The emergency motion was brought by the Electronic Frontier Foundation. The Justice Department said it was going to begin clearing records today that were more than five-years-old, The Recorder said.

The Foreign Intelligence Surveillance Act previously ruled that governmental lawyers were under no obligation to hold telephone metadata beyond the current five-year limit. The FISA court reasoned: "The government can be sanctioned for destruction of evidence only if it is established that it had an obligation to preserve it at the time it was destroyed, that the records were destroyed 'with a culpable state of mind,' and the destroyed evidence was relevant to the party's claim or defense," according to a report in Computer World.

Court Rejects Holding Phone Records as Evidence in Privacy Civil Suits

The Foreign Intelligence Surveillance Court rejected the request of governmental lawyers to hold telephone metadata beyond the current five-year limit, Computer World reports. The Department of Justice had reasoned the evidence would need to be preserved for privacy civil lawsuits challenging the constitutionality of the surveillance of phone calls. The court reasoned: "The government can be sanctioned for destruction of evidence only if it is established that it had an obligation to preserve it at the time it was destroyed, that the records were destroyed 'with a culpable state of mind,' and the destroyed evidence was relevant to the party's claim or defense," Computer World also reports.

CT Lawmakers Debate Bill Limiting Access to Homicide Photos and 911 Tapes

The Connecticut General Assembly is considering a bill called the "look, listen but don't copy law," which would allow public access to homicide photos and 911 tapes to review them but not necessarily to get copies of them, the Connecticut Post reports. Family members of crime victims could cite an unwarranted invasion on their public privacy to block release of the records, then putting the onus on the public to show that there actually is no invasion, the Post reports.

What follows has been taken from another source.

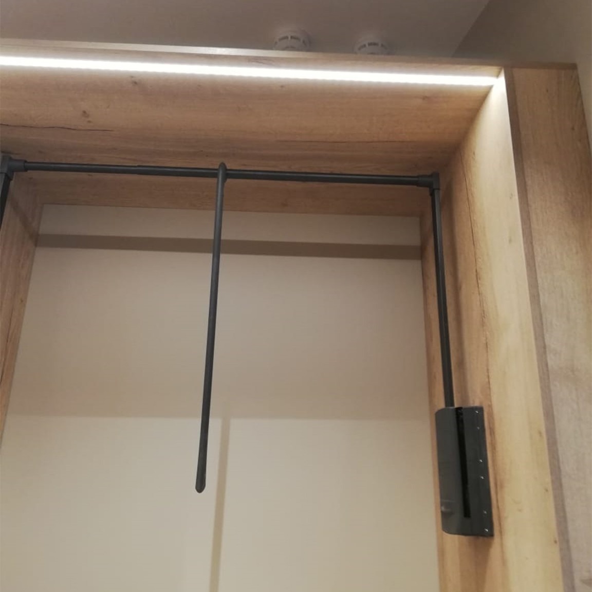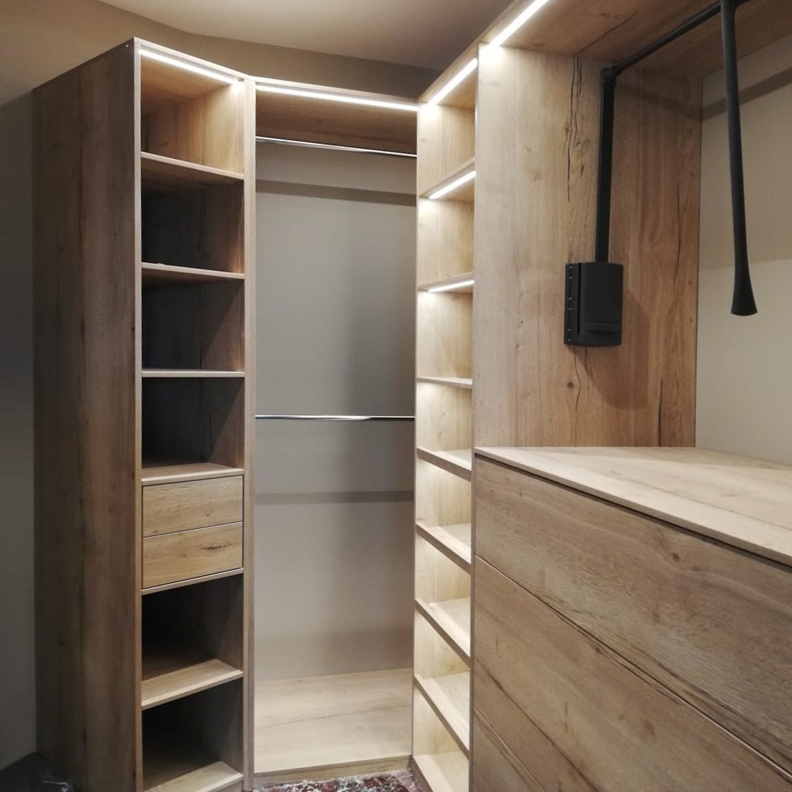 Оснащается штангами для одежды, полками и выдвижными ящиками.

New York Times v. Sullivan Still Going Strong to Protect Media in the Digital Age

Yesterday was the 50th anniversary of the New York Times v. Sullivan ruling, which led to greater protections for the media from being sued for defamation by public officials and public figures like celebrities, the Associated Press says. The "case applies equally to new media such as Twitter, Facebook and blogs," AP further reports. First Amendment lawyer Bruce W. Sanford told AP that there may be fewer libel cases because the Sullivan rule is widely accepted and because there's a greater opportunity to respond to untruths in the digital world.

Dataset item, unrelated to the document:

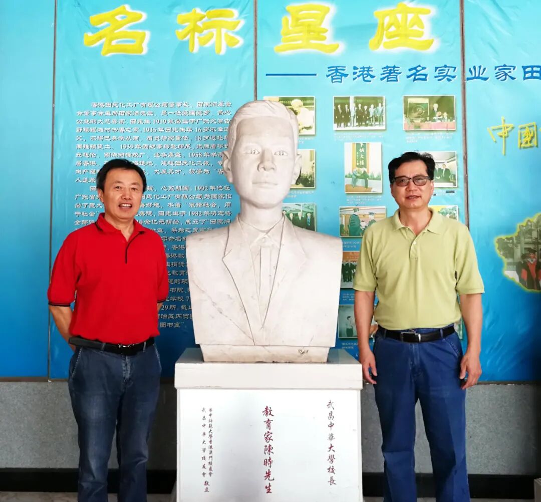 右起彭南生与裴高才于华中师范大学拜谒陈时汉白玉塑像

Indiana Latest State to Face Court Battle Over Ban on Same-Sex Marriage

The Indianapolis Star reports that four same-sex couples have filed a federal lawsuit to challenge the state's statutory ban on same-sex marriage. The "lawsuit mirrors the challenge in Kentucky that last month prompted a federal judge to order that state to recognize same-sex marriages legally performed elsewhere," The Star further reports.

Indiana's ban on same-sex marriage is statutory, not constitutional. A state constitutional ban is under consideration by the legislature, but that measure won't go to voters until at least 2016.

Inappropriate Prescribing Can Cause Patient Harm

Two new reports from the Centers for Disease Control and Prevention shows the danger of overprescribing antibiotics and narcotics to patients, ProPublica reports. In ProPublica's interview with Dr. Thomas Frieden, the CDC's director, he said that attempts by government to address overprescribing don't attack doctors' autonomy: "We're not saying tell doctors what to do and not to do. We’re not saying treat this way. We’re saying make explicit your reasoning and set up your protocol, as long as it’s evidence-based. What we’re basically saying is we need to reduce unwarranted variability. So, come up with an algorithm, come up with a protocol, and then stick to it unless you have a valid and documented reason to depart from it. I don’t think that undermines physician autonomy at all. I think that empowers doctors to make a considered evidence-based decision on what their policy will be as a general rule and then to increase the likelihood that that policy is followed for all of their patients."